Aldridge and Jacob Hicks, the son of Julie and Kevin Hicks, carried the elderly woman from her ruined home to a car and drove her to Marshall Browning Hospital in Du Quoin, where she was treated for minor cuts on her neck and foot. She has since been released.

Local hospitals reported that four Jackson County residents were treated for minor injuries they sustained from flying debris in the tornado, the Jackson County Sheriff’s Office said.

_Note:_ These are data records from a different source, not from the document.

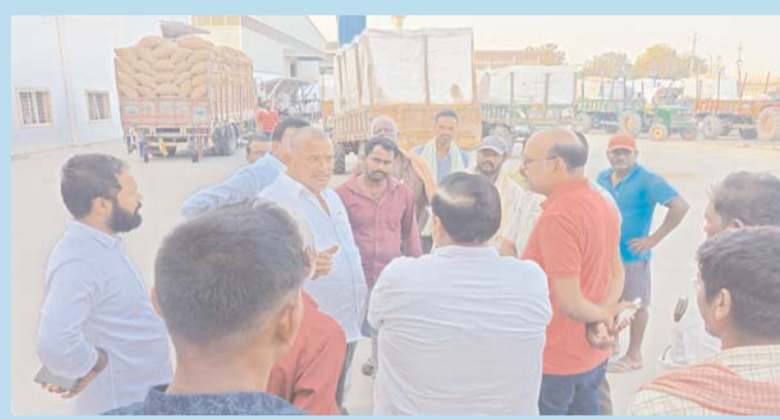
నాయక్, కాంగ్రెస్ నాయకులు, బిఎల్ఆర్ బ్రదర్స్ ఉన్నారు.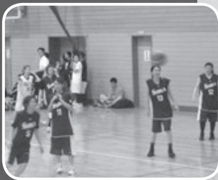
バスケットボール（一般女子）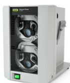
Vacuum Pump V-300 经济、无噪音的真 空源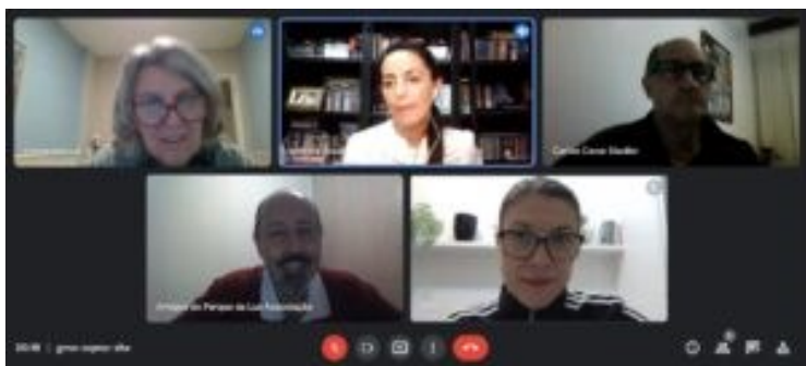
Figura 01: Reunião mensal da AAPLuz, de forma virtual. Data: 08.07.21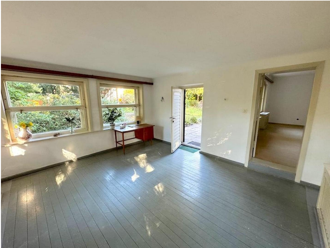
Wintergarten mit Terrassentür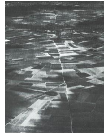
rs. 6. De romaanse baan Trier-Tongeren; op de voorgrond, de tumulus van Brustem

In talrijke Haspengouwse dorpen hebben de archeologen resten van Gallo-Romeinse landbouwbedrijven terug gevonden, gelijkmatig gespreid en vaak vergezeld van tumuli waarvan de site van de villa van Broekom met de tumulus van Gutschoven evenals de tumulus van Brustem getuigen.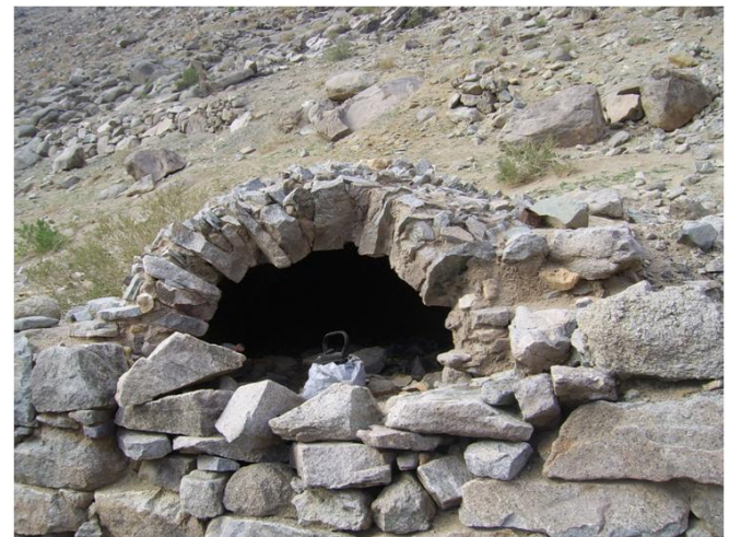
Horno en conjunto principal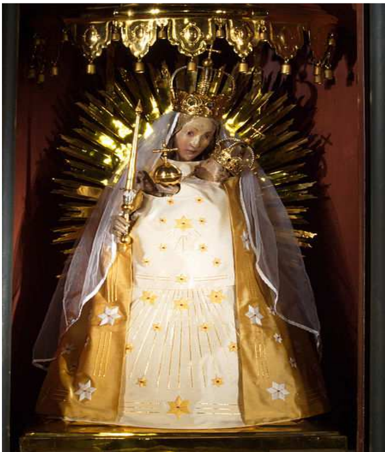
Gnadenbild von Verne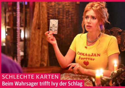
SCHLECHTE KARTEN Beim Wahrsager trifft Ivy der Schlag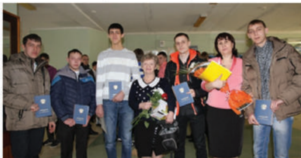
Выпускники 308 группы!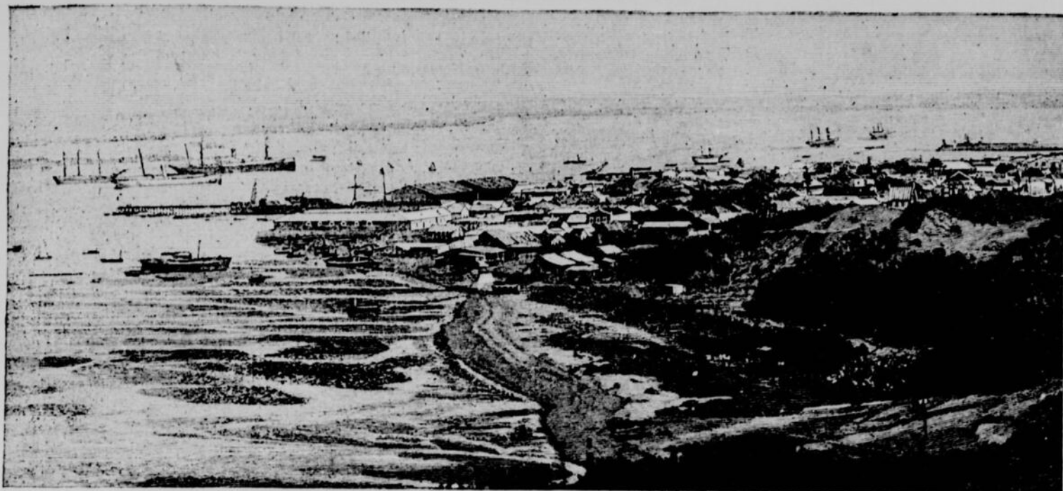
Vue de Durban (port Natal)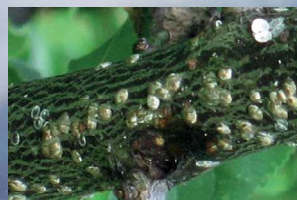
ウメシロカイガラムシ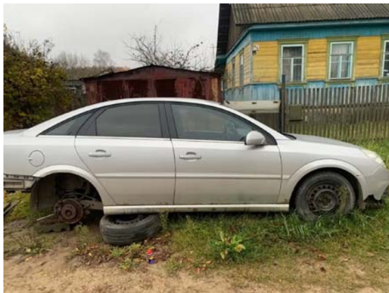
Фото №5. B8EAF353-3690-EB9B-4520-003FFB4368DA

Of the 46 residences that were damaged in the tornado, 12 are considered a total loss, according to a preliminary assessment by the sheriff’s office and the Jackson County Emergency Management Agency.

Seven-year-old Mayson Robinson, of Willisville, traverses the wreckage of his aunt Kassi Coulson’s barn Wednesday, March 1, 2017, in Ava. Tuesday night a tornado damaged the roof of Coulson’s home, from which daylight can now be seen from inside the house, destroyed the family’s barn, knocked down trees and damaged vehicles. “You just don’t think it’s going to hit you like that,” Coulson said. “All in like a blink of an eye just the wind was in here, my five-year-old’s crying and screaming. … When I was shutting that door I could literally feel the air in here. I thought that window was open, I didn’t realize it was the roof.” (Jacob Wiegand | @jawiegandphoto)

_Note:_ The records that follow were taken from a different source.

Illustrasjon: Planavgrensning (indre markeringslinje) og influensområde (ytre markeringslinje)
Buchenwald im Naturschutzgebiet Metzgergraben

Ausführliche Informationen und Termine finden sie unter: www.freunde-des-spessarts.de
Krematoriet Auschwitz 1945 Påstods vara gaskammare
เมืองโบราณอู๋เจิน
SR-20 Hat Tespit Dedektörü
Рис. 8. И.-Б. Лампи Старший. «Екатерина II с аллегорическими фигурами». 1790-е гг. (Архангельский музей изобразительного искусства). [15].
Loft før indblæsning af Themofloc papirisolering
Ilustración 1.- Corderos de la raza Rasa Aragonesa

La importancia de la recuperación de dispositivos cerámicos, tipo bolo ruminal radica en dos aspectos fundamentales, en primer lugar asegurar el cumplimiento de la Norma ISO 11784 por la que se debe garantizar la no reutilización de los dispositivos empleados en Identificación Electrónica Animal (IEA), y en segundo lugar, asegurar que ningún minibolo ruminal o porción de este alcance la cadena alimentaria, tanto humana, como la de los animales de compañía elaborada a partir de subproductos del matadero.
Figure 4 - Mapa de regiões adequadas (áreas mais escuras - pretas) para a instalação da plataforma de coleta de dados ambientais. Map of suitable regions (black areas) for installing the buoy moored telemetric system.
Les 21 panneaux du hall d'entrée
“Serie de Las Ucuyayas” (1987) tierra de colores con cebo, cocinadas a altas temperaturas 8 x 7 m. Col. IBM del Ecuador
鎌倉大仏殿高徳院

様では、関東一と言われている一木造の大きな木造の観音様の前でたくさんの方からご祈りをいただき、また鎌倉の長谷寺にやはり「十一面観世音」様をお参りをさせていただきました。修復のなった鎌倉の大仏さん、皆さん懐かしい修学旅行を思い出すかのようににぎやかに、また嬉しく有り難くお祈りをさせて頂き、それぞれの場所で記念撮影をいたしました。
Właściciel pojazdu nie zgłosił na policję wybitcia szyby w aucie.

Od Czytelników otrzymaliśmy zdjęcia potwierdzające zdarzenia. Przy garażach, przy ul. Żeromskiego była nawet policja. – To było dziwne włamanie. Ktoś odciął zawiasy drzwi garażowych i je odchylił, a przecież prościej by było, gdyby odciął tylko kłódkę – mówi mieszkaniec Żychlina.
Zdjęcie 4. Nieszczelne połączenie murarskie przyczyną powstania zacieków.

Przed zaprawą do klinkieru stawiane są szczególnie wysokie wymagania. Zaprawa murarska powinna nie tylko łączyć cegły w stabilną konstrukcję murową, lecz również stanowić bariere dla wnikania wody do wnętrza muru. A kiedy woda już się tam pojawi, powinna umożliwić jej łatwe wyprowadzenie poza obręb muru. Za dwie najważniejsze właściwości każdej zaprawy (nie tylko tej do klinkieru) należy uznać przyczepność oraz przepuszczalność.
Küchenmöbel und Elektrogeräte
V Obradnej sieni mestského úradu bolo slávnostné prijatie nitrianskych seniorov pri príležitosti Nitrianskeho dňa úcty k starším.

The Powerade baseball complex in Elkville sustained major damage, according to the agencies, and an undetermined number of vehicles and buildings were damaged or destroyed.

Other homes were damaged in Ava, and trees and power lines were knocked down throughout the region. The National Weather Service is scheduled to arrive in the area Thursday to further assess the damage.

The storm has reportedly contributed to the death of three people in Illinois and Missouri.

A person was killed by an uprooted tree in Ottawa, authorities there have said. And in Crossville, nearly two hours northeast of Carbondale, a 71-year-old man was killed when a twister struck a small building near a home, authorities said.

In Missouri, another person was killed when an apparent tornado moved through the Perry County area, according to the Belleville News-Democrat.

As for Nadine Lacy, she plans to live with the Hicks until her home can be rebuilt. But for her granddaughter, India Marsh, who has lived next door to her all her life, rebuilding isn’t an option.

“We had no insurance, so we are homeless now,” Marsh said, looking around at the debris that filled her living room.

Marsh, her mother and her handicapped father plan to stay at the Super 8 in Du Quoin on Wednesday night. The family is unsure what will come next.

“We really don’t know where we are going to go,” Marsh said with tears in her eyes. “This all happened so fast.”

Mark Clover, of Willisville, speaks on the phone outside his sister-in-law Kassi Coulson’s home Wednesday, March 1, 2017, in Ava. (Jacob Wiegand | @jawiegandphoto)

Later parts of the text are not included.